The consequences of not reporting within those timelines can be significant, said Erik Knutsen, a lawyer specializing in insurance law and a professor at Queen’s University in Kingston, Ont.

A man in glasses looks at the camera
Erik Knutsen, a lawyer and law professor at Queen’s University in Kingston, Ont., specializing in insurance, says failing to report an accident to your insurer is misrepresentation and potentially fraud. (Submitted by Erik Knutsen)

Keeping quiet amounts to material misrepresentation and a violation of your contract with the insurer, he said. And when your policy is up for renewal, the stakes are higher: At that point, not disclosing a complete accident history is tantamount to fraud, Knutsen said.

“That’s knowingly telling a mistruth that the insurance company is going to rely on in [deciding] how much money they’re charging you.”
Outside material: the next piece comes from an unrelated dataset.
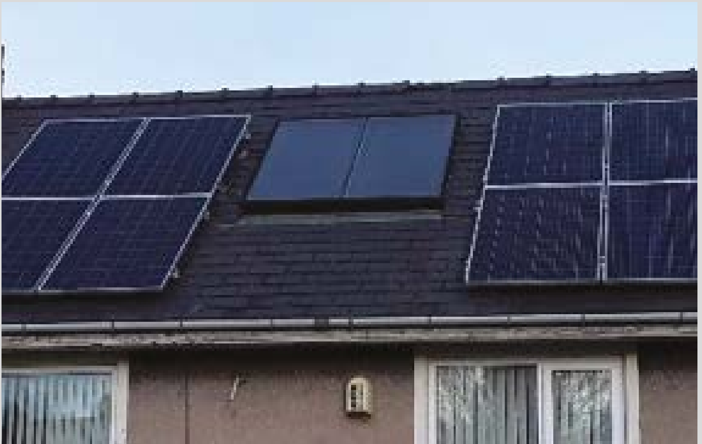
Solar panels installed through the Welsh Government's Arbed scheme

Despite the challenges of operating within Covid 19 restrictions, Arbed was able to improve the energy ratings of around 2,546 properties by March 2021, with an average household reduction in energy bills of £330.

It’s unlikely anyone would be criminally charged for either breach, Knutsen said, but it does void the insurance policy and leave a driver open to liability.

For example, people choosing to pay out of pocket for a fender-bender could be hit by a personal injury lawsuit months later, he said, and the insurance company would be under no obligation to cover the costs if it were reported after the fact.

“And then you’re on the hook for a potentially multimillion-dollar lawsuit, which could financially wipe you out.”

Fixing your vehicle yourself

Chris Brandon may not have gone through his insurance company for his last three claims, all connected to hitting a deer. (He lives in rural Sherbrooke, Que., he says by way of explanation.) But he has reported them to make sure he stays within the rules.

To keep his premiums low, he’s limited the extent of his coverage, choosing collision insurance with liability coverage — to cover damage to another person and their vehicle or property from a crash — while ditching comprehensive insurance, which would cover theft or other potential risks to his own vehicle.

Brandon is handy and said he can repair the damage himself; it also helps that he drives a beater, estimating his Hyundai Elantra cost about $1,000.

“I would have to do, like, catastrophic damage to the engine” before filing a claim, he said. “I can always tell the tow truck driver, just tow it back to my house and I’ll deal with it.”